Last week when I was cruising the aisles of Whole Foods I found a treasure in a pile of bananas. Hidden beneath the plain Jane normal bananas was a whole hand of baby bananas! I haven’t found a good picture, but each baby banana is about as long as an adult finger. There are 15 to 20 bananas in each bunch, and when they are ripe the skin is very spotted.
I grabbed the last hand of baby bananas even though they were a bit pricey because I haven’t had these little things since I was in Mexico for a mission trip at age fifteen. The missionary there roasted them with brown sugar and served them for breakfast. They were so good I have been wanting to try them again for twelve entire years.
So I bought them.

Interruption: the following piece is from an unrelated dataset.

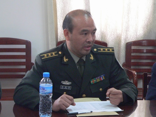 2009年12月4日,军队领导与新兵座谈会在我院办公楼八楼会议室举行。鱼峰区人民武装部部长邓霜桦、鱼峰区人民武装部政委向敏辉、鱼峰区人民武装部副部长徐红早、鱼峰区人民武装部政工科科长雷恣伟、我院院长助理李彰汉、保卫处处长莫帮雄以及接兵干部等领导出席座谈会。

And I roasted them. And David and I ate them up in a hurry. They were the perfect size for his chubby little fists and we had quite a bit of fun feeding them to each other.

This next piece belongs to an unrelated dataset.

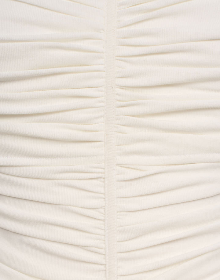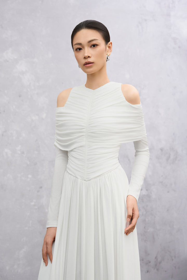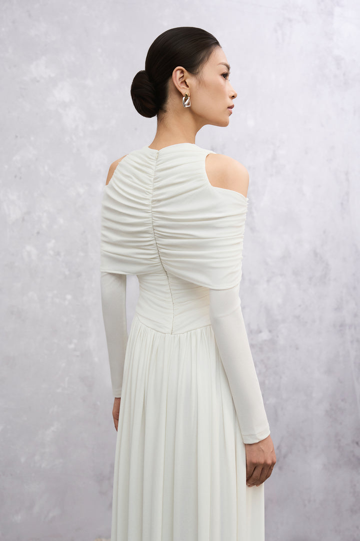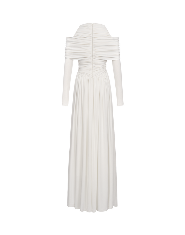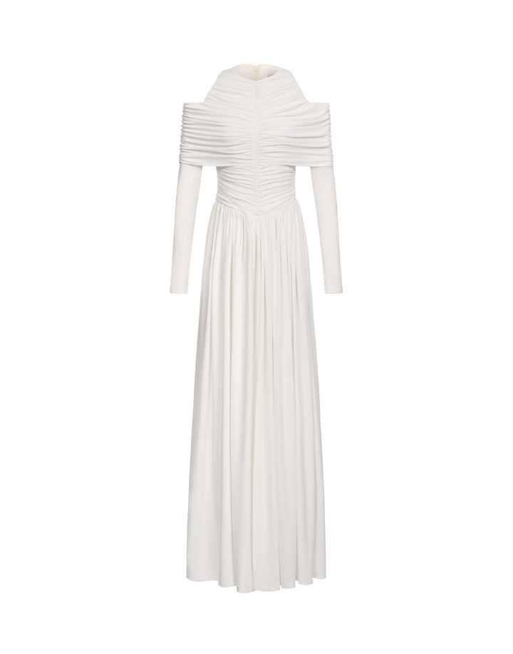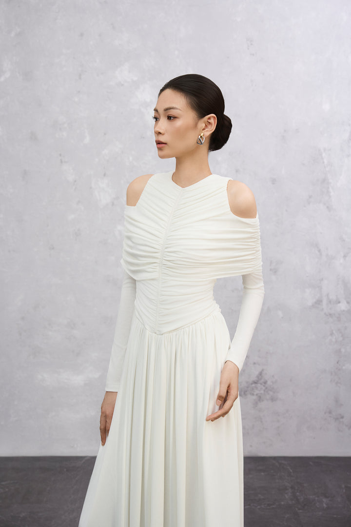 Like moonlight across still water, the Lunaria Dress moves with quiet grace. A ruched bodice gathers light into soft folds, unfolding into a flowing skirt that breathes with every step. She doesn’t shout — she glows.

If you are cooking with older kids, this is a great recipe for them to make on their own. The bananas can be cut with a table knife, so except for putting them in the oven, this should be a completely safe recipe for your budding chefs.
Roasted Baby Bananas
1 bunch baby bananas
1/8 c. sugar
juice from half of a lime
1 tbsp butter, cut into small chunks
1 tsp. Pumpkin Pie spice
1. Preheat the oven to 350 degrees.
2. Peel the bananas. Cut them in half lengthwise and lay the halves in a glass baking dish.
3. Sprinkle the bananas with the sugar, lime juice, butter and Pumpkin Pie spice.
4. Bake the bananas for 20 to 25 minutes, or until fork tender.
Serve hot over pancakes, French toast, or ice cream. Yum!